What needs to be done ▸
Before you write out the listing, remove the pictures; everything else stays exactly as it is.

━━━ Data extract

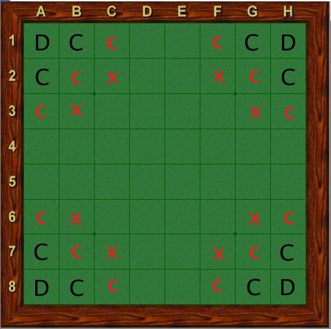 Il est utile d’avoir à l’esprit une évaluation de la valeur des cases, même si la stricte correspondance entre les cases C et X entre les deux jeux est discutable. Selon Rusty Horner, de la fédération américaine d’Othello , une position des cases C et X pourrait être la suivante (ce graphique permet de guider des choix stratégiques, il nous montre aussi l’importance des cases « coins » A2 et B1).
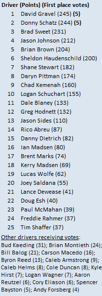 The drivers on the move this week were Brent Marks and Kerry Madsen, who moved up to Positions 17th & 18th, respectively. Neither driver was ranked in last week’s poll. Brent Marks drove home to Pennsylvania following the World of Outlaws’ rainout announcement. He then proceed to pick up the win at Port Royal Speedway. Madsen ran runner-up at Knoxville after nearly making a pass for the lead late in the race.
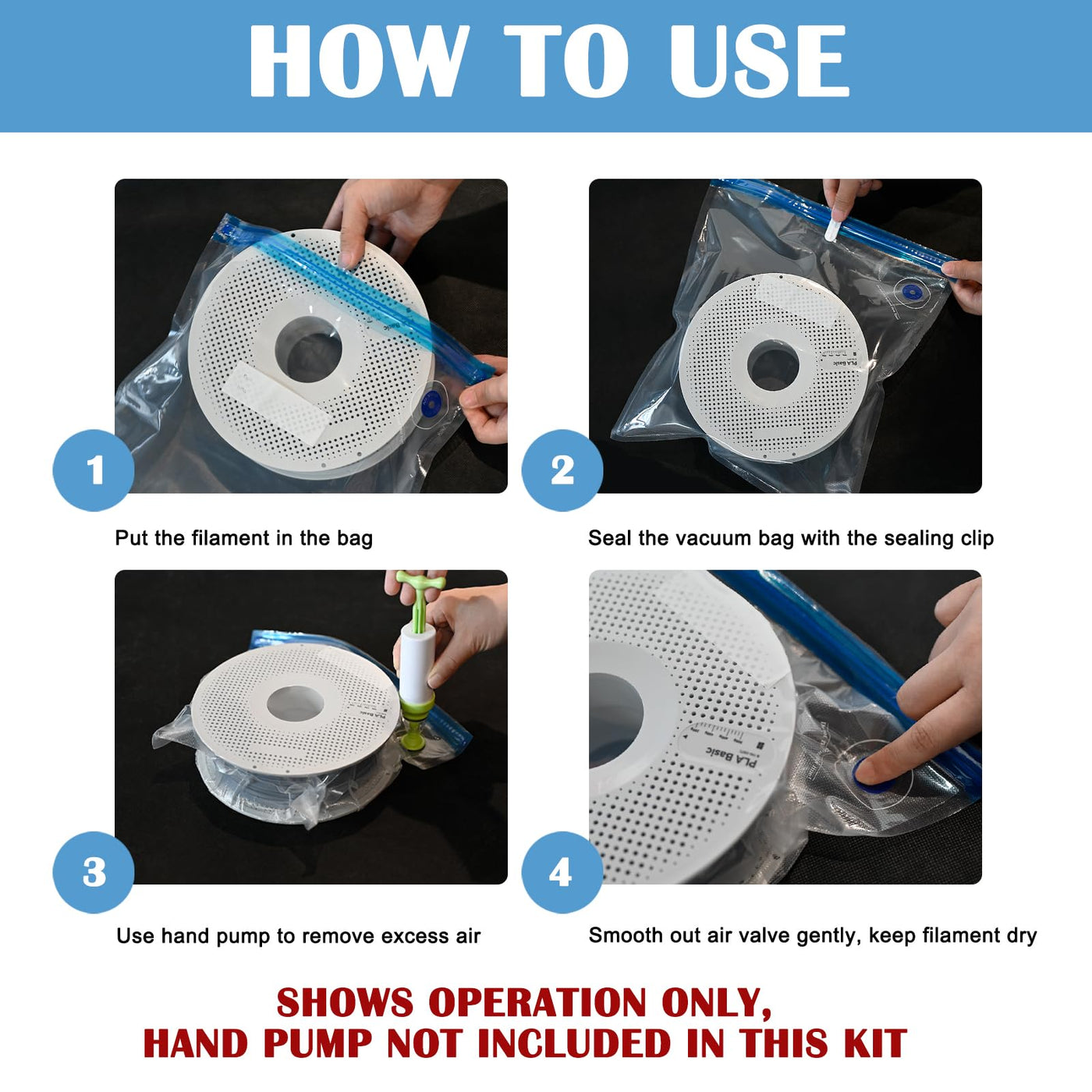 Tiopy Reusable 3D Filament Reel Sealed Storage Bags Seriesthe Condition Of The Filament You Use Is What Determines The Quality Of Your Prints, And Choosing Tiopy 3D Printer Filament Storage Kit Makes It Easy For You To Keep Your Filament In Top Condition.Specification:Made Of Robust Pe+Pa Composite Materialstronger, Tougher, More Airtight, And More Moisture Resistant&Nbsp;Pack1: Filament Bag X 10, (11.8X13.4Inch For 1 Kg Spool), Zip Sealer Clips X 2,Reusable Desiccant X 20&Nbsp;Pack2: Filament Bag X 20, (11.8X13.4Inch For 1 Kg Spool), Zip Sealer Clips X&Nbsp; 2,Reusable Desiccant X 20,Hand&Nbsp; &Nbsp; Pumps X 1Pack3: Filament Bag X 20, (11.8X13.4Inch For 1 Kg Spool), Vacuum Bags X5 (12.6X17.7Inch&Nbsp; For Two 1 Kg Spool)Zip Sealer Clips X&Nbsp; 2,Reusable&Nbsp; &Nbsp; Desiccant X&Nbsp; 30,Automatic Pumps X 1Pack4:Filament Bag X 30, (11.8X13.4Inch For 1Kg Spool), Zip Sealer Clips X&Nbsp; &Nbsp; &Nbsp;2,Automatic Pumps X 1Effectively Keep Filaments From Moisture And Dustversatile Filament Compatibility From 0.25 Kg To 1 Kg Spoolsthe Convenient Vacuum Seak Bags For Pla,Petg,Tup,Pls,Pha,Abs Filament And More&Nbsp;Effortless Vacuum Sealing In 30 Seconds With Pumpthick 0.26 Mm Material, Durable And Reusableclips Included For Easy Sealingnotice:When Using The Bag For The First Time, Due To The Tight Sealing Of The Membrane At The Valve, If There Is Difficulty In Manually Pumping Air, Please Pump 10-15 Times.&Nbsp;You Can Also Choose To Use An Automatic Pump That Pumps In Just A Few Seconds To Help You Be More Efficient!

━━━━━━

Finished task ▸
 Il est utile d’avoir à l’esprit une évaluation de la valeur des cases, même si la stricte correspondance entre les cases C et X entre les deux jeux est discutable. Selon Rusty Horner, de la fédération américaine d’Othello , une position des cases C et X pourrait être la suivante (ce graphique permet de guider des choix stratégiques, il nous montre aussi l’importance des cases « coins » A2 et B1).
 The drivers on the move this week were Brent Marks and Kerry Madsen, who moved up to Positions 17th & 18th, respectively. Neither driver was ranked in last week’s poll. Brent Marks drove home to Pennsylvania following the World of Outlaws’ rainout announcement. He then proceed to pick up the win at Port Royal Speedway. Madsen ran runner-up at Knoxville after nearly making a pass for the lead late in the race.
 Tiopy Reusable 3D Filament Reel Sealed Storage Bags Seriesthe Condition Of The Filament You Use Is What Determines The Quality Of Your Prints, And Choosing Tiopy 3D Printer Filament Storage Kit Makes It Easy For You To Keep Your Filament In Top Condition.Specification:Made Of Robust Pe+Pa Composite Materialstronger, Tougher, More Airtight, And More Moisture Resistant&Nbsp;Pack1: Filament Bag X 10, (11.8X13.4Inch For 1 Kg Spool), Zip Sealer Clips X 2,Reusable Desiccant X 20&Nbsp;Pack2: Filament Bag X 20, (11.8X13.4Inch For 1 Kg Spool), Zip Sealer Clips X&Nbsp; 2,Reusable Desiccant X 20,Hand&Nbsp; &Nbsp; Pumps X 1Pack3: Filament Bag X 20, (11.8X13.4Inch For 1 Kg Spool), Vacuum Bags X5 (12.6X17.7Inch&Nbsp; For Two 1 Kg Spool)Zip Sealer Clips X&Nbsp; 2,Reusable&Nbsp; &Nbsp; Desiccant X&Nbsp; 30,Automatic Pumps X 1Pack4:Filament Bag X 30, (11.8X13.4Inch For 1Kg Spool), Zip Sealer Clips X&Nbsp; &Nbsp; &Nbsp;2,Automatic Pumps X 1Effectively Keep Filaments From Moisture And Dustversatile Filament Compatibility From 0.25 Kg To 1 Kg Spoolsthe Convenient Vacuum Seak Bags For Pla,Petg,Tup,Pls,Pha,Abs Filament And More&Nbsp;Effortless Vacuum Sealing In 30 Seconds With Pumpthick 0.26 Mm Material, Durable And Reusableclips Included For Easy Sealingnotice:When Using The Bag For The First Time, Due To The Tight Sealing Of The Membrane At The Valve, If There Is Difficulty In Manually Pumping Air, Please Pump 10-15 Times.&Nbsp;You Can Also Choose To Use An Automatic Pump That Pumps In Just A Few Seconds To Help You Be More Efficient!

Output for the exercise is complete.